Dr Henry Ddungu, a haematologist at Mulago hospital says that while sickle cell treatment is unavailable to many, hydroxyurea, is currently the only approved medicine to treat sickle cell anaemia. Dr Ddungu says those who use the drug live near-normal lives free from complications like stroke, infections and pains that come with sickle cell disease.
But he explains that Hydroxyurea which would be the best option for all is rare because it still undergoing registration by the National Drug Authority for it to be officially allowed to be used in the country. He was speaking during an event to mark the World Sickle Cell day at the Uganda National Health Laboratories in Butabika today.
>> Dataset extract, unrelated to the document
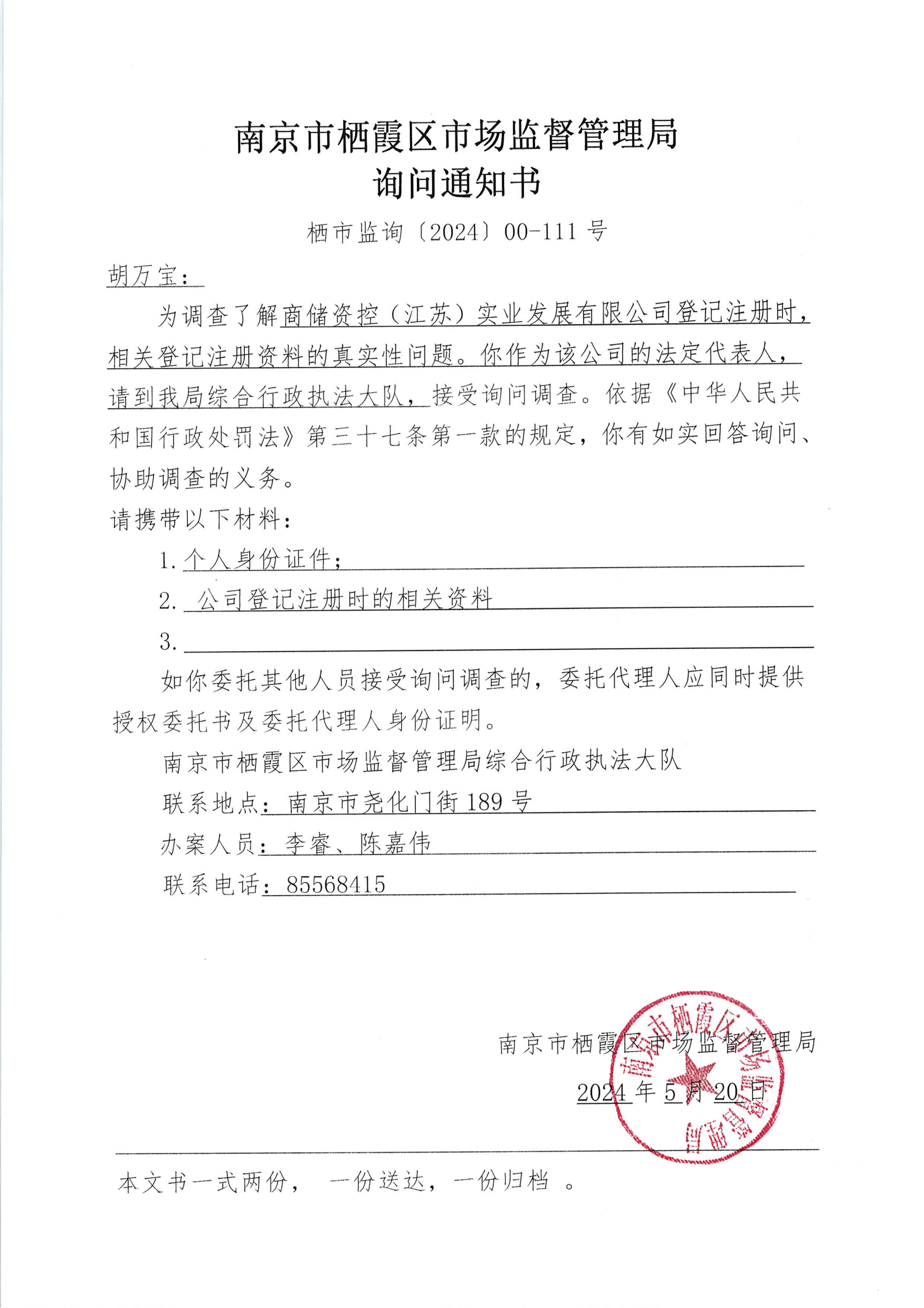 南京市棲霞區市場監督管理局詢問通知書

During the event, several sicklers made testimonies of how the drug which was initially used to treat some cancers suddenly relieved them from debilitating pain and unpredictable complications associated with the disease. But, many of them say, they have accessed the drug through trial setting save for a few who can still afford to pay for it after a trial on efficacy at the Mulago sickle cell clinic ended.
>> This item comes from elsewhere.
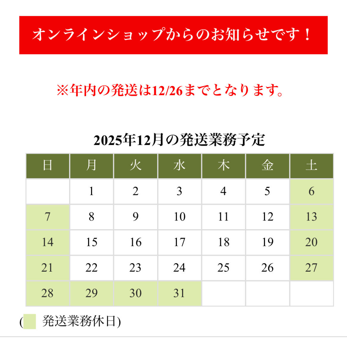 年末の配送業務は12/26までとなります。

Health Minister Jane Ruth Aceng who also carries a sickle cell trait said the drug offers a better quality of life but is way too expensive for many to afford. A 500-milligram tablet of hydroxyurea goes for between 1200 and 1500 Shillings.
She said once registration for the drug is done, the government is already partnering with a Swiss pharmaceutical company Novartis to supply the drug at a cheaper cost and that with continuous lobbying and as the drug becomes cheaper, the Ministry of Health will urge the government to put it on the list of essential drugs.
According to Ministry of Health statistics, of the 1, 600,000 births in Uganda per year, 33,000 babies are suspected to be born with sickle cell disease. Of these, 80 per cent die before the age of five. Those who survive beyond five, hardly make it to their 18th birthday. Worldwide, 400,000 babies are estimated to be born with the disease. Of these, half are from Sub-Saharan Africa.
Meanwhile, the doctor explains that a lot of research is underway to come up with a cure of the genetic disorder that causes red blood cells which are normally disc-shaped to assume an abnormal sickle shape, making it difficult for blood to flow through vessels and deliver oxygen throughout the body.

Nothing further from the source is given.